Any serious bashing of Israel’s medical team is happening outside Israel, where some critics call the Haiti mission a cynical P.R. exercise to cover up misdeeds in Gaza. There’s even a rumor making the rounds, apparently started by a YouTube user in Seattle, that the Israelis were stealing Haitians’ organs. The Anti-Defamation League does a good job of deconstructing it on its Web site.
Alan Dershowitz, writing on his own Jerusalem Post blog, scolds those critics who he feels are ignoring the very real difference between the privation in besieged Gaza and the apocalyptic cataclysm that struck Haiti. He also points out that Gaza is at war with Israel and Haiti isn’t. Moreover, he notes approvingly, “many Israelis are advocating medical and other assistance to Gaza.” Dersh’s bottom line: “Continue to criticize Israel when it fails to live up to generally applicable international standards, but praise it when it exceeds those standards” by helping others.
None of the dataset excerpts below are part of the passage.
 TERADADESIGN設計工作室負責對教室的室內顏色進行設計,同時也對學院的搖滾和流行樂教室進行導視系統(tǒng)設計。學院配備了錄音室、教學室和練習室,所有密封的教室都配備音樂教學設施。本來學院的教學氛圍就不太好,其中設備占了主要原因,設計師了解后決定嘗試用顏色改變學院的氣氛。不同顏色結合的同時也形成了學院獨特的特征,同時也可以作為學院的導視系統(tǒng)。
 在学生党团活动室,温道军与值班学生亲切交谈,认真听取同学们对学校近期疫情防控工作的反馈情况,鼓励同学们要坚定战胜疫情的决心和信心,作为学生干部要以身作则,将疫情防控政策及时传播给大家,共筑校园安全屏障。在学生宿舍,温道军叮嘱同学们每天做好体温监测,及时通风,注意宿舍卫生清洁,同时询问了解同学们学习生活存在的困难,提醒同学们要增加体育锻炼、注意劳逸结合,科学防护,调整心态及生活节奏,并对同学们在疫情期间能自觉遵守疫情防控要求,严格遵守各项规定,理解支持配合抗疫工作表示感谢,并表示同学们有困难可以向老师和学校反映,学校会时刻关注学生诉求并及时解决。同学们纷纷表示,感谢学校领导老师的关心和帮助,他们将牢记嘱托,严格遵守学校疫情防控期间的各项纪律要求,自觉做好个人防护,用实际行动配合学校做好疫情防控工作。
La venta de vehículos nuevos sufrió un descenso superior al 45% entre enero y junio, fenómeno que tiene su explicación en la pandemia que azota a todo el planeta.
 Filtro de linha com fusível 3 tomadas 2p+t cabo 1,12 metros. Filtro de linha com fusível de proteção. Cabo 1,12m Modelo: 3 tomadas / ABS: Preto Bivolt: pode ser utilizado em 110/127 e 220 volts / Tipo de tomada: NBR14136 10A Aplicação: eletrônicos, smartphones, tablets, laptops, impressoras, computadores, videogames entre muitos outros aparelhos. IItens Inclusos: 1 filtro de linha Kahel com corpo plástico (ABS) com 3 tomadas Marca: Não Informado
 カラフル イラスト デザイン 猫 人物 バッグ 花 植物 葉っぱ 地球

Harris is after other game. It’s not just that Gaza is at war with Israel and Haiti isn’t. It’s not just that Gaza showered Israel with rockets and provoked an Israeli response. His complaint is that some Israelis “anguish over Israel’s purported responsibility for Gaza’s travails.”
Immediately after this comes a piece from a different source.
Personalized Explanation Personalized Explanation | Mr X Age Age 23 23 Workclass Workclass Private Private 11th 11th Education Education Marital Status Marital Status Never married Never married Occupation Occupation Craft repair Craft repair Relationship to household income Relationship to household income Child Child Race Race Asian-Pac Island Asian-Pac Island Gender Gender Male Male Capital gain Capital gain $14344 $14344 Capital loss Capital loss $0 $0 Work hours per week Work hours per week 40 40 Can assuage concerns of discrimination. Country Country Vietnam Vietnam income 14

“One could argue,” Harris writes, “that this is eloquent testimony to their ethical reflex, their desire to heal the world of Gaza. That might well be laudable but for the simple fact that Gaza is at war with Israel, a seemingly obvious proposition to all but those Israelis blinded by their own self-generated ‘guilt,’ which prevents them from confronting reality and those ultimately accountable for the facts on the ground.”
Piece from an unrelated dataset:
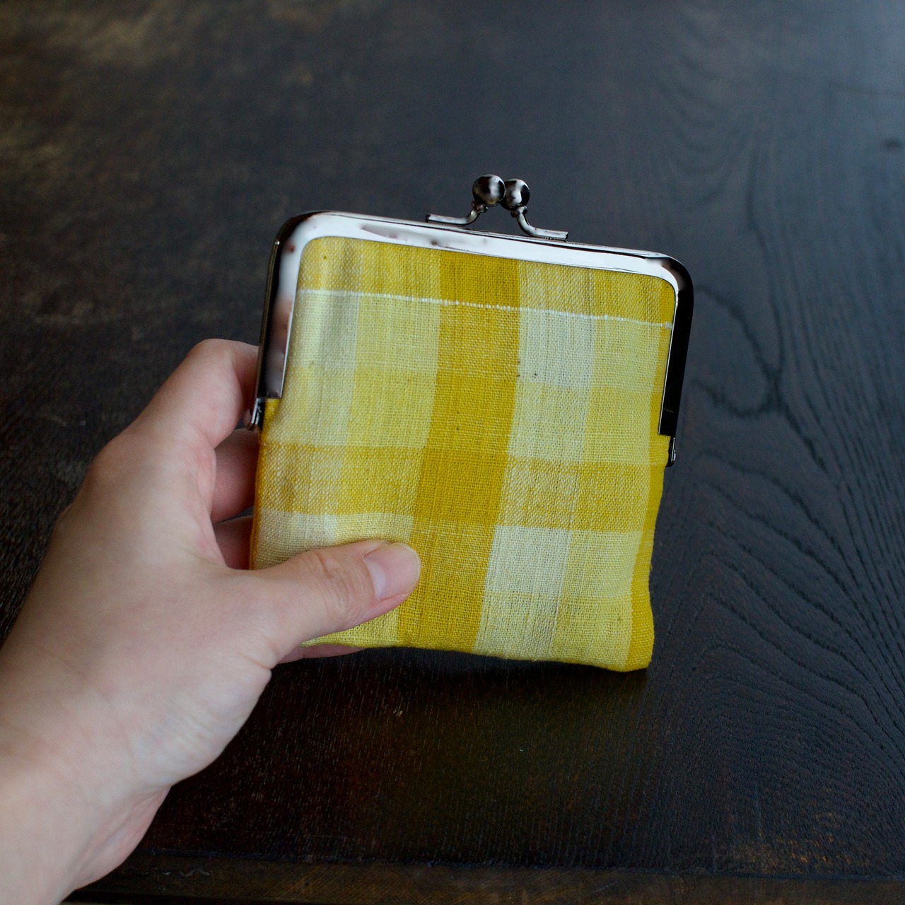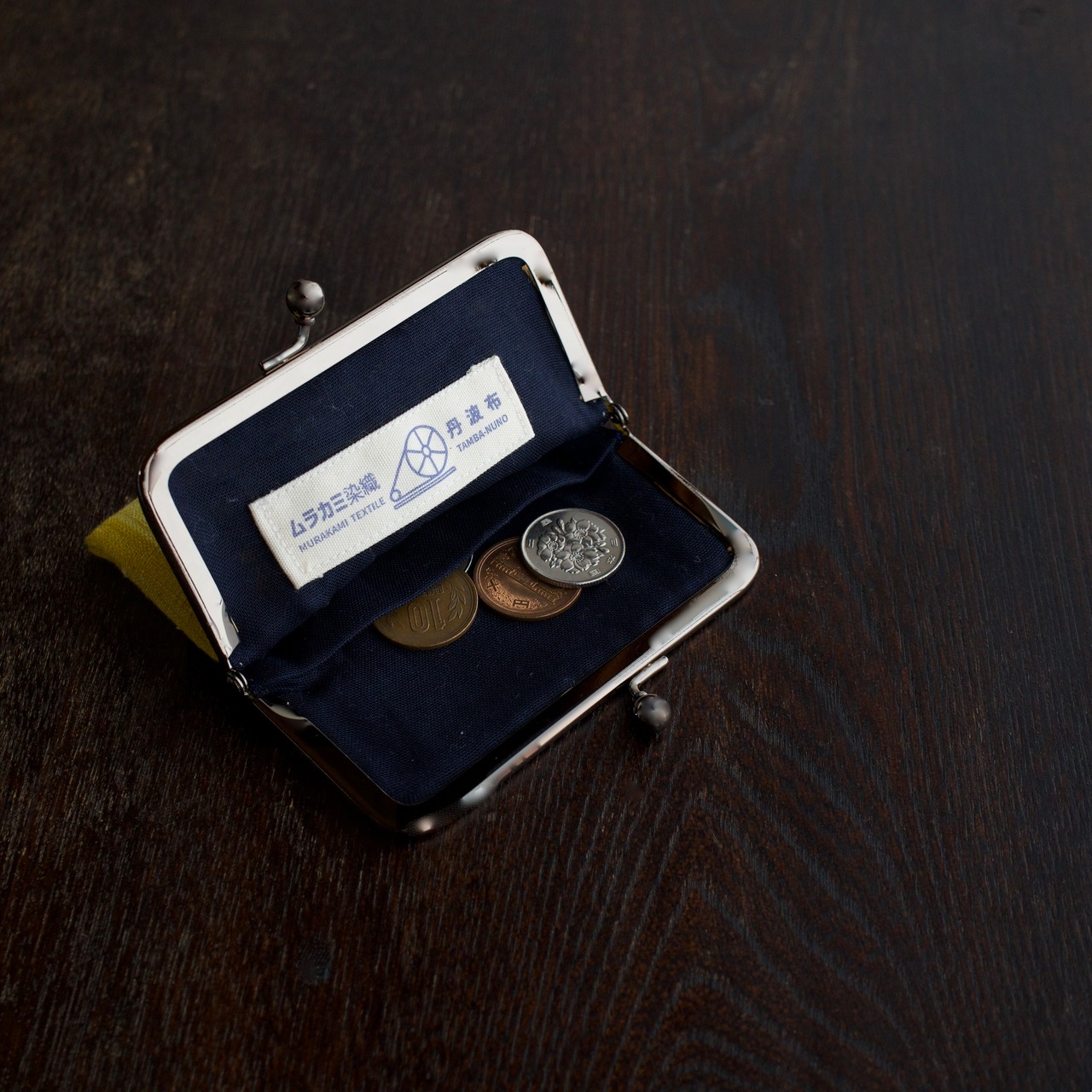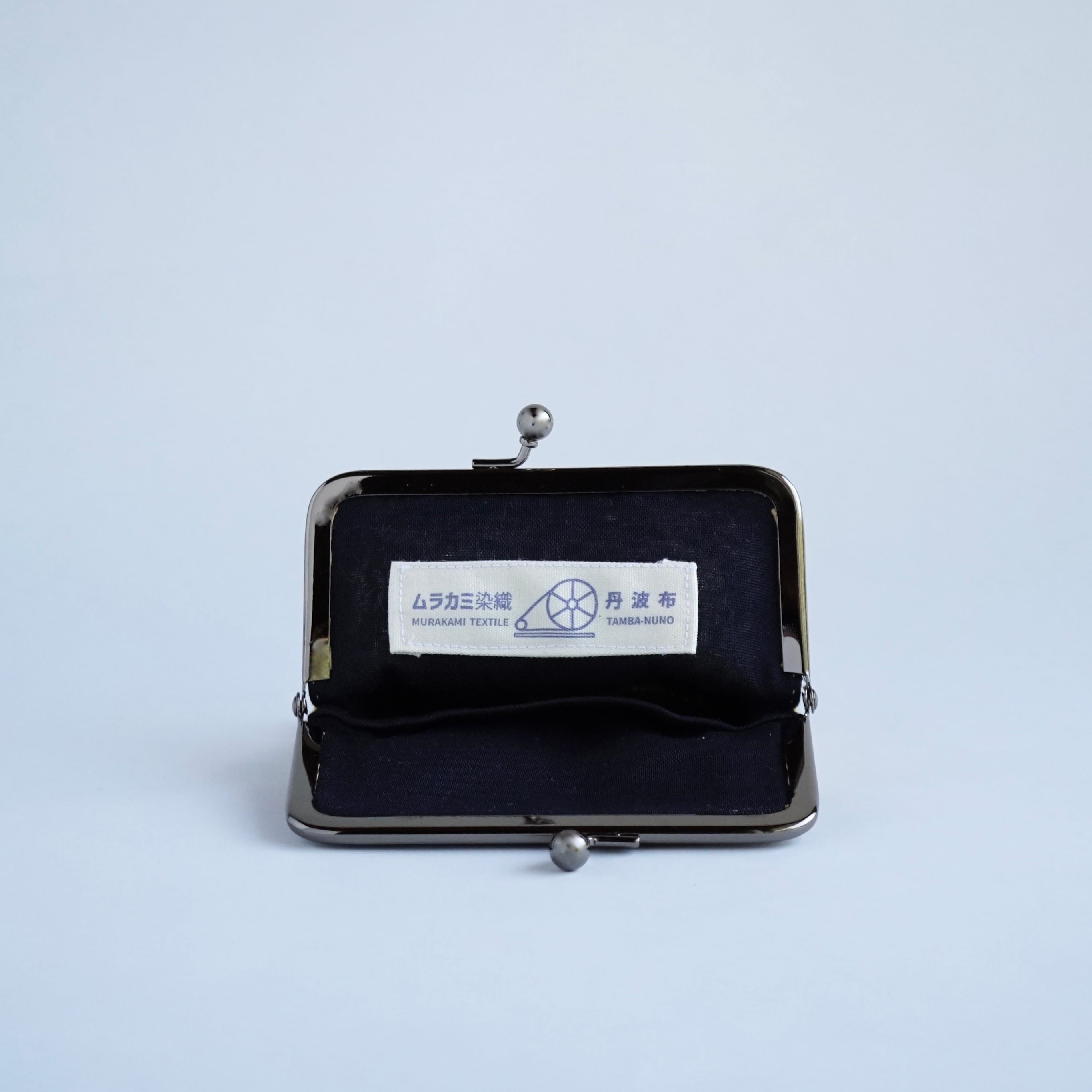 このがまぐちは、丹波市在住のがまぐち作家の方にお願いし、手縫いで仕上げていただきました。しかくいフォルムですが、ふっくらとした雰囲気になっています。

Israel’s generosity in Haiti wasn’t unique, Harris observes, recalling similar efforts in war-torn Kosovo and after a 1999 earthquake in Turkey. He could have named a dozen more.
“Yet,” Harris writes, “according to the Times’ story, all of this, at least for a few Israelis, is, in the end, rather meaningless as a source of national pride. Instead, the litmus test for Israel must be Gaza.
“This is when self-reflection turns to the instinct for self-destruction.”
And here’s where I get confused. I understand that when Jews live in the Diaspora we shouldn’t criticize Israeli actions because we’re too far away and we don’t bear the consequences. Now I’m told that when Jews live in Israel they shouldn’t criticize Israeli actions because it’s their own country and they must stand tall.
So tell me, Executive Director, when can we criticize?